%%

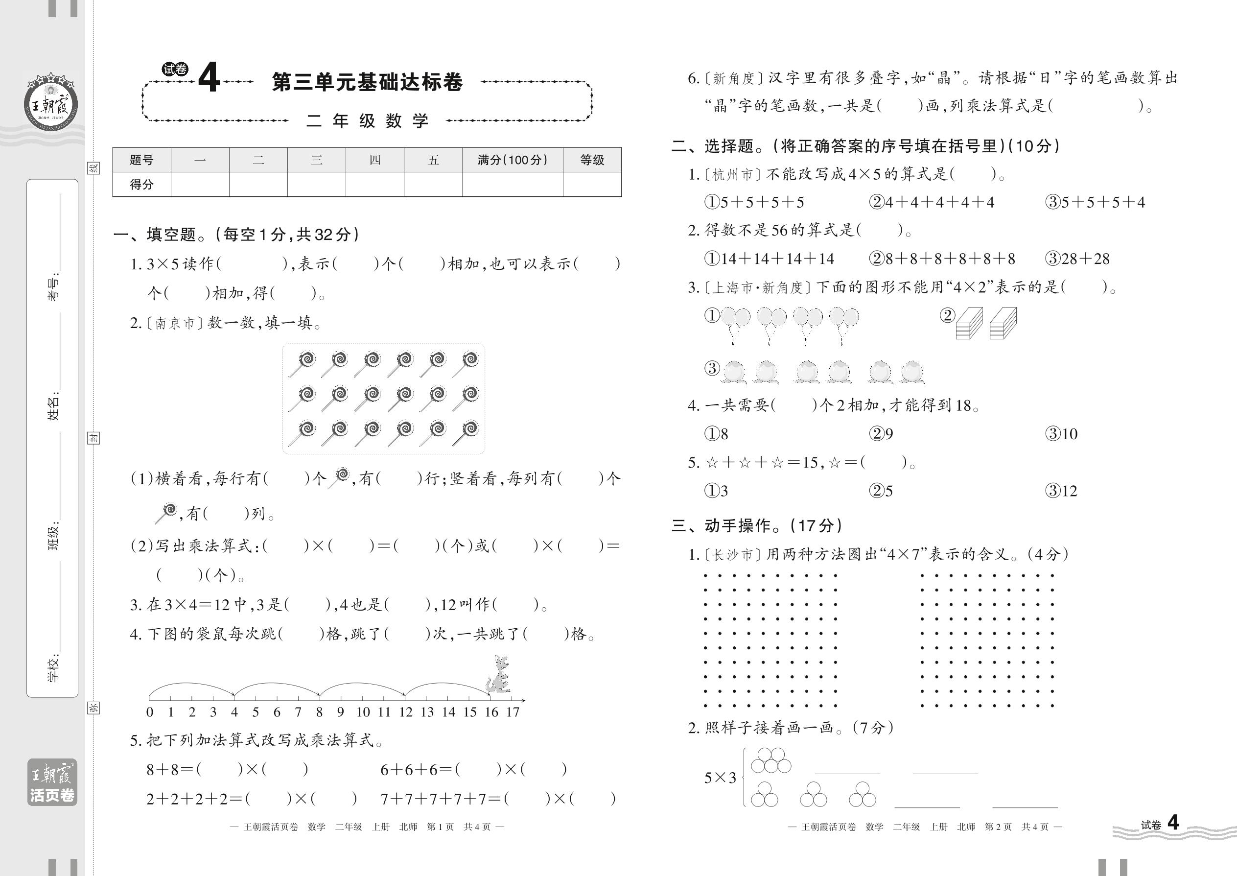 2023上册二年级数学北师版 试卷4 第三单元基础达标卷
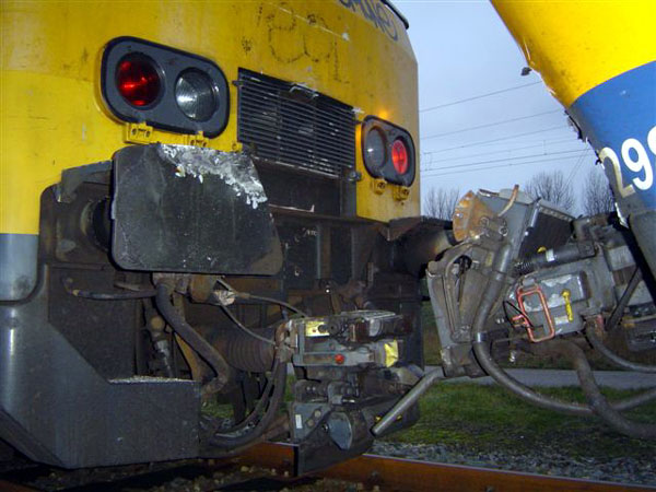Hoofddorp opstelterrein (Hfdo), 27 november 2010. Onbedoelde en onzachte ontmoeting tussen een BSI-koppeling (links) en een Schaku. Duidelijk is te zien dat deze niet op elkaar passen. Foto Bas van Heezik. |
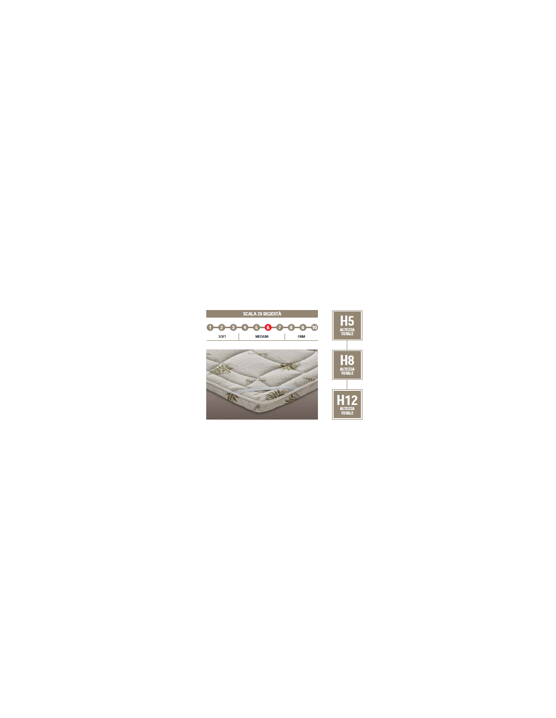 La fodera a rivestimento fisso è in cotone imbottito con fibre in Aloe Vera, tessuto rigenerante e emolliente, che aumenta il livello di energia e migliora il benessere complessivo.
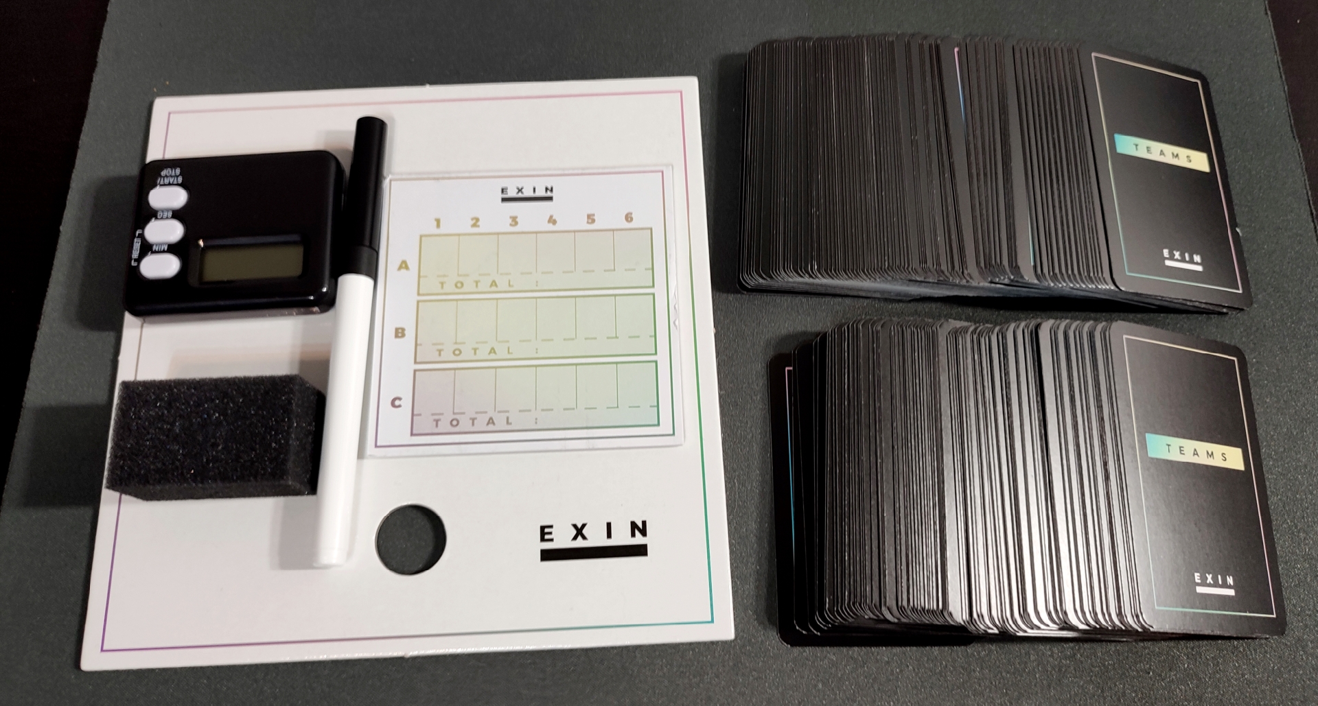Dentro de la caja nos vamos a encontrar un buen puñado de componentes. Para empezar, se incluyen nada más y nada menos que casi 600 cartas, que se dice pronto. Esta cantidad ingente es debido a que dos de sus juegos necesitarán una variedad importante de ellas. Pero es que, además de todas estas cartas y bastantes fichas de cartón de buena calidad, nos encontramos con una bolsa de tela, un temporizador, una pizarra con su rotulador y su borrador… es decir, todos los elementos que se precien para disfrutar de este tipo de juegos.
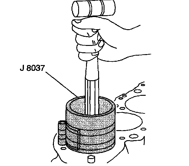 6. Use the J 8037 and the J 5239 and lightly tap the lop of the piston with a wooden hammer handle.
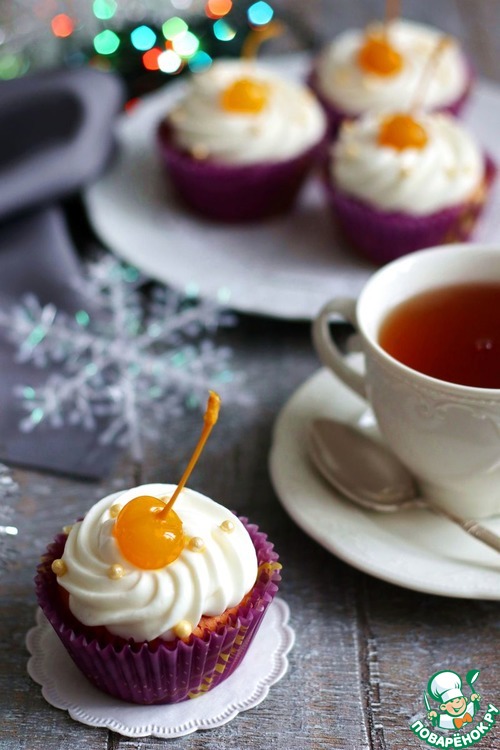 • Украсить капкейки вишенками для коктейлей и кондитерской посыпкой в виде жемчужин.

%%

▶ **WHAT THE TASK REQUIRES**: Set down every entry exactly; omit the pictures.

▶ **TASK SOLUTION**:
 2023上册二年级数学北师版 试卷4 第三单元基础达标卷
Hoofddorp opstelterrein (Hfdo), 27 november 2010. Onbedoelde en onzachte ontmoeting tussen een BSI-koppeling (links) en een Schaku. Duidelijk is te zien dat deze niet op elkaar passen. Foto Bas van Heezik. |
 La fodera a rivestimento fisso è in cotone imbottito con fibre in Aloe Vera, tessuto rigenerante e emolliente, che aumenta il livello di energia e migliora il benessere complessivo.
Dentro de la caja nos vamos a encontrar un buen puñado de componentes. Para empezar, se incluyen nada más y nada menos que casi 600 cartas, que se dice pronto. Esta cantidad ingente es debido a que dos de sus juegos necesitarán una variedad importante de ellas. Pero es que, además de todas estas cartas y bastantes fichas de cartón de buena calidad, nos encontramos con una bolsa de tela, un temporizador, una pizarra con su rotulador y su borrador… es decir, todos los elementos que se precien para disfrutar de este tipo de juegos.
 6. Use the J 8037 and the J 5239 and lightly tap the lop of the piston with a wooden hammer handle.
 • Украсить капкейки вишенками для коктейлей и кондитерской посыпкой в виде жемчужин.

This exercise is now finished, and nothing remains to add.